One guy “just” molested me. I never told until I confronted him this year. I had to quit my favorite class and lost all my friends because of it. Everyone told me I was overreacting, and that I deserved it for saying it hurt as bad as being raped. Because they’re “not the same” feelings. Of course, they’d know better than a woman who’s been through both, because they’re less “biased.” I still have to see them everyday. It’s pretty rough.
Thank you for being so brave and expressing the things I never could express. I hate my rapist, yeah…but more than I hate him I hate everyone who told him it was ok. I was just a bitch, that guys make mistakes all the time, it’s not like he hit me or anything. Fucking hell, I understand so much. I confronted them and all I got was “I need more info” and “I don’t want to take sides.” I’m sorry, but only ONE of us committed a crime, and only ONE of us is psychologically damaged. How about you help the victim for a change? Ugh.
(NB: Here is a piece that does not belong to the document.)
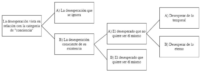La dialéctica kierkegaardiana también se funda en la contradicción como elemento articulador del devenir del espíritu. La reflexión, en ambos autores, es la encargada de enriquecer al espíritu en las distintas instancias de su viaje de reconciliación, mostrando las contradicciones constitutivas de la “fractura” del sí mismo. Por ejemplo, a partir del segundo capítulo del libro tercero de La enfermedad mortal, titulado “La desesperación vista en relación con la categoría de la conciencia”, existen varios motivos para creer que Kierkegaard se vale de la dialéctica que Hegel defiende en su Fenomenología. En primer lugar, en este capítulo del texto de Anti-Climacus, el factor determinante es la conciencia, la cual va progresando de una instancia a su contraria por la necesidad de la propia negatividad del devenir reflexivo. Así como Hegel entiende el viaje de la conciencia (certeza sensible, percepción y entendimiento) en su autorreconocimiento (autoconsciencia), Kierkegaard comprende el viaje del sí mismo en el descubrimiento de su desesperación. Las distintas instancias que relata este capítulo de La enfermedad mortal son todas necesarias en ese progresivo camino de la conciencia en su devenir unidad. Así como en la fenomenología hegeliana el entendimiento no puedo analizarse primero que la certeza sensible, o la percepción, en este capítulo de La enfermedad no puede tratarse del desesperado consciente de serlo antes que del inconsciente, dado que es un movimiento dialéctico que necesita autoafirmarse primeramente como negación para superarse a sí mismo y reconocerse en un nuevo devenir, en un nuevo movimiento.

People.
Thank you for this.
CR, I can so identify with this article! Thank you.
And Tokidoki said:
“…I confronted them and all I got was “I need more info” and “I don’t want to take sides.”
I am not alone afterall!
If you guys find time, view my blog
Thanks
[...] Harriet Jacobs This blog was recently featured on the Carnival of Sexual Violence; specifically, this entry, about losing a friend due to talking about rape. Since then, some other folk have linked me, and [...]
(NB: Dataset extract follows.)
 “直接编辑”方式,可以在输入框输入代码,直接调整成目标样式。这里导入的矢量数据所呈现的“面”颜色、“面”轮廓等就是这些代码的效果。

[...] just bitter,” “if it was really rape, you would have called the police.” Hi, Gregory! Also, fuck you, Gregory! Not a calm type, the I Don’t Believe You will tend to approach you [...]
Thankyou for writing all this. This is what I experienced, and finding out this shit about my so-called friends hurt more than the assault. Finding out your friends think you’re a liar, and those who say they don’t will socialise with him ‘to keep the peace and be nice’ feels like a kick in the guts. But I’d rather be alone than hang out with people who condone sexual assault.
[...] and someday he’s going to need help badly. Then I looked around at all the other boys, including Gregory, who was Nero’s best friend. And nobody here will help him, I thought with that same calm sense, [...]
That and that and that and that. I hate them all. I don’t think there is a torture bad enough for the pieces of shit.
God, I could relate to this. I was raped at 17, by my ex-boyfriend, and my best friend not only refused to believe me, she put me in danger by telling the bastard that I said he raped me. That was the end of our friendship.
She contacted me last year, almost 15 years later, to tell me she was sorry, and that he had raped her, too, after she started spending time with him after my rape. Talk about me having mixed feelings. I felt terrible for her, guilty for not reporting him earlier and saving her, and vindicated for her believing him over me. It was a serious mind-fuck.
Anyway, thanks for writing about this. People don’t often talk about the fallout after a rape.